• ACTION ITEM
In the records below, find the line with "Off-The-Shoulder Cut-Out Maxi", then retype it and every following line exactly, stopping after the line with "創意小豬雙火充氣打火機定制logo定制公司廣告促銷禮品". Leave the pictures out.

• STORED DATA

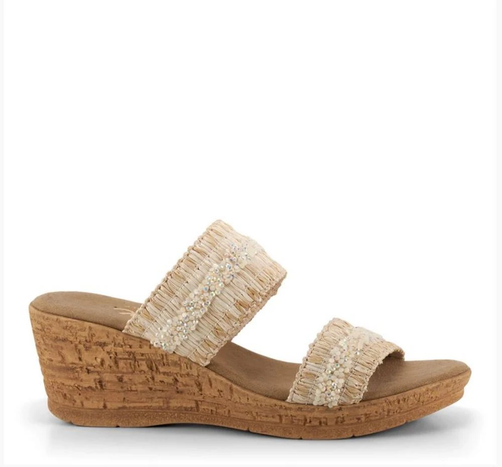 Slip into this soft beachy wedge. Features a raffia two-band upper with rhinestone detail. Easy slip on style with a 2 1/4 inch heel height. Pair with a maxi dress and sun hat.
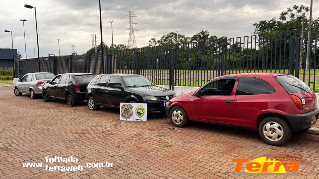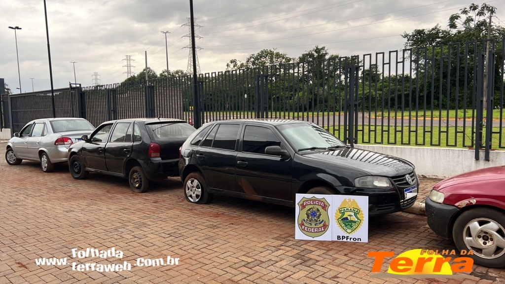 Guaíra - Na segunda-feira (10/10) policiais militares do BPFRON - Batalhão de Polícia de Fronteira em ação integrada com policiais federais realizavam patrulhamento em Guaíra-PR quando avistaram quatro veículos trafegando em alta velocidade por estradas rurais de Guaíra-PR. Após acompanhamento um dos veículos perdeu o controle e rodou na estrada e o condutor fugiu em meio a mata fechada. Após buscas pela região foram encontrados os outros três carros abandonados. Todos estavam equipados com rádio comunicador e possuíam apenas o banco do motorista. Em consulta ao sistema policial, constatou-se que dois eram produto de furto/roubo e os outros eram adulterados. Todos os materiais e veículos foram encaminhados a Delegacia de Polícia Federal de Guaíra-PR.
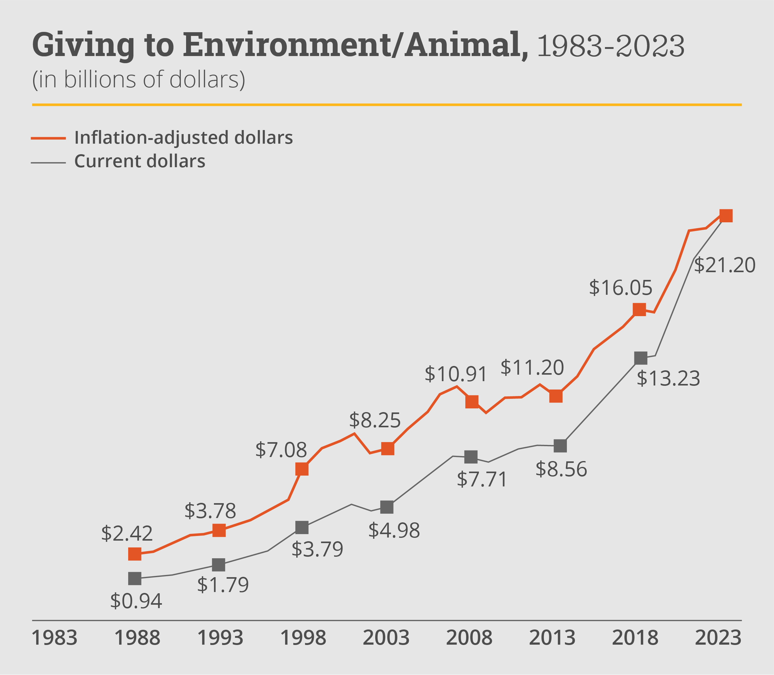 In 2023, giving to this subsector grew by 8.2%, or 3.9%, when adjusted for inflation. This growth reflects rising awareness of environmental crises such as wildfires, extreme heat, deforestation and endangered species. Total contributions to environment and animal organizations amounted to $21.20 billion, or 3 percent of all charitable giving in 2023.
* * *
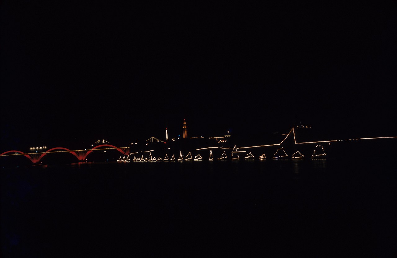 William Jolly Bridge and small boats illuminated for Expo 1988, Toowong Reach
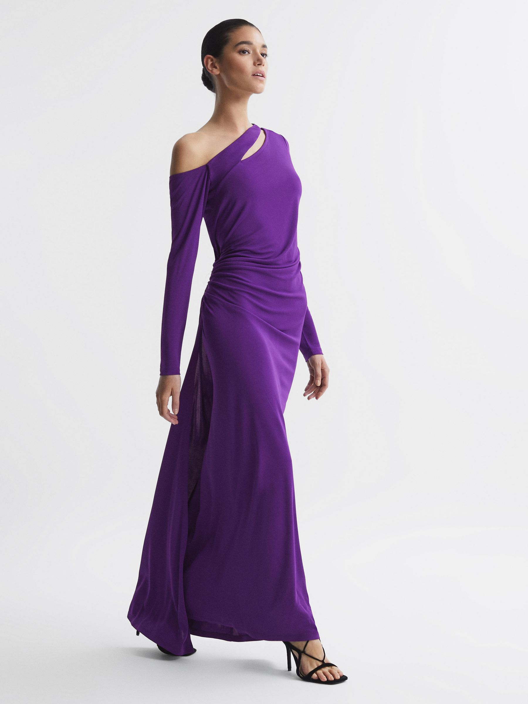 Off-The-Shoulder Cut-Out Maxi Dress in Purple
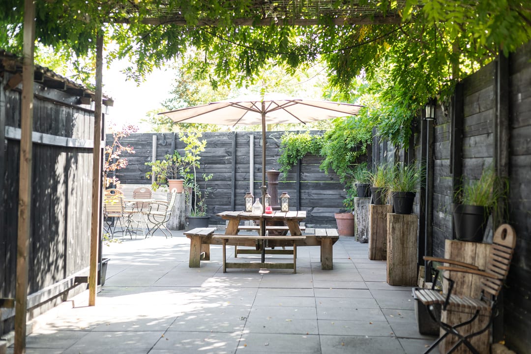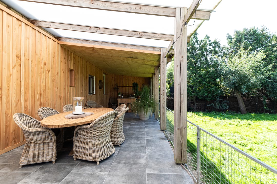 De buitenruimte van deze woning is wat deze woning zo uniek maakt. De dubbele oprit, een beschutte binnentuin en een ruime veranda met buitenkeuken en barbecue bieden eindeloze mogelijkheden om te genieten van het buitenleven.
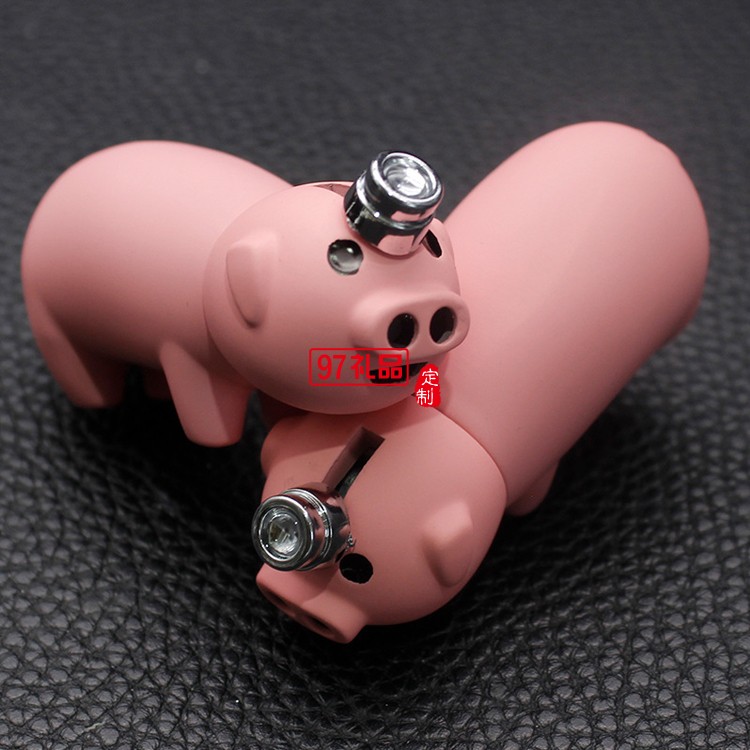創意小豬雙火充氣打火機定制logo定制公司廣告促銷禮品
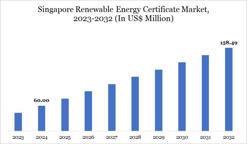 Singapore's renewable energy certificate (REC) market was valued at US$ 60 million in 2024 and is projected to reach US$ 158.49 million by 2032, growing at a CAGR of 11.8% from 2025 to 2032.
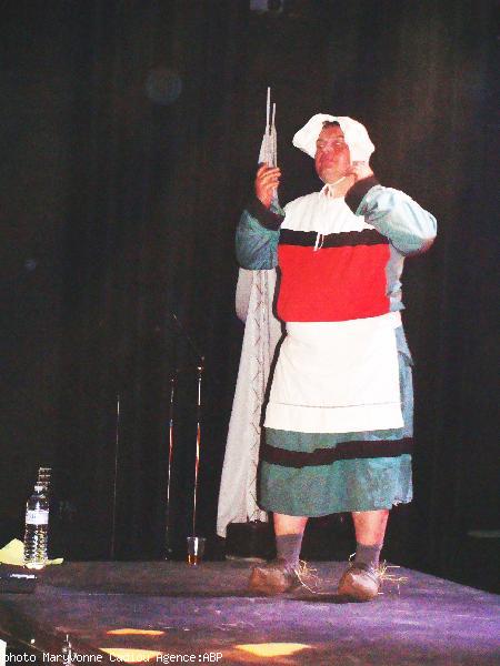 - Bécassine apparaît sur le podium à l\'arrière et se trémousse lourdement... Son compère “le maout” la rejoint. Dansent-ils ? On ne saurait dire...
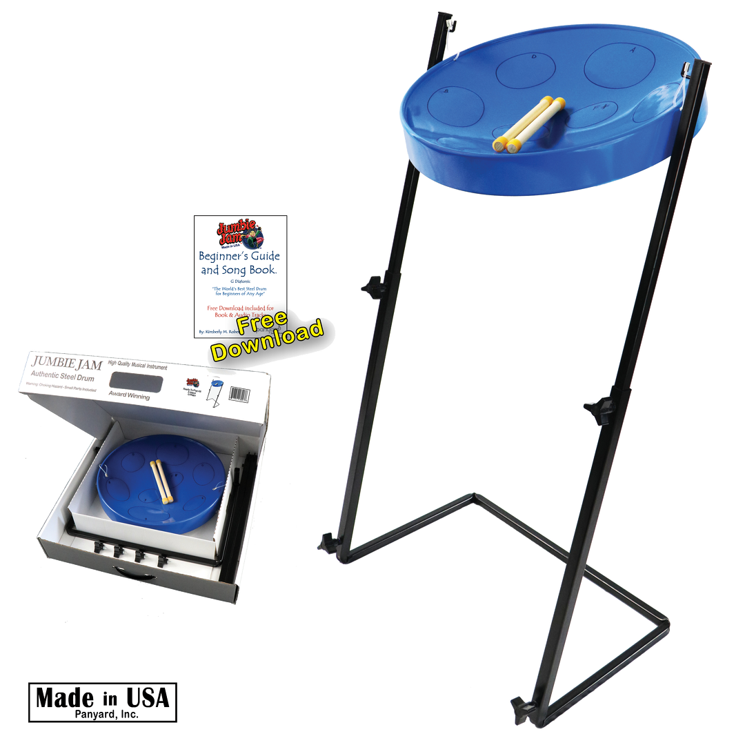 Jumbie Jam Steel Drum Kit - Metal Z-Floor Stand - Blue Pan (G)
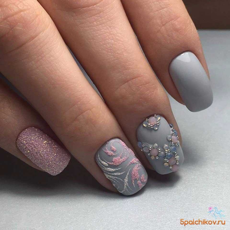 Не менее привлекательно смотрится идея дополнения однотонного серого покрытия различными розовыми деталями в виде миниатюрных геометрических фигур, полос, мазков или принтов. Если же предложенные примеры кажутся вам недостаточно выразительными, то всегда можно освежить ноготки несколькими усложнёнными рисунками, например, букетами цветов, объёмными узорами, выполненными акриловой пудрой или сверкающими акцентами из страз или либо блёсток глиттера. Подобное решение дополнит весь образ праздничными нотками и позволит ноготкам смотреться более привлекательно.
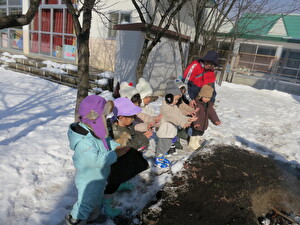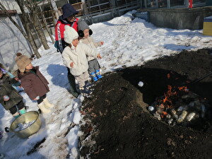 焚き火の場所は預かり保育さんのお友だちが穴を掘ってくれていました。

• EXERCISE SOLUTION
 Off-The-Shoulder Cut-Out Maxi Dress in Purple
 De buitenruimte van deze woning is wat deze woning zo uniek maakt. De dubbele oprit, een beschutte binnentuin en een ruime veranda met buitenkeuken en barbecue bieden eindeloze mogelijkheden om te genieten van het buitenleven.
創意小豬雙火充氣打火機定制logo定制公司廣告促銷禮品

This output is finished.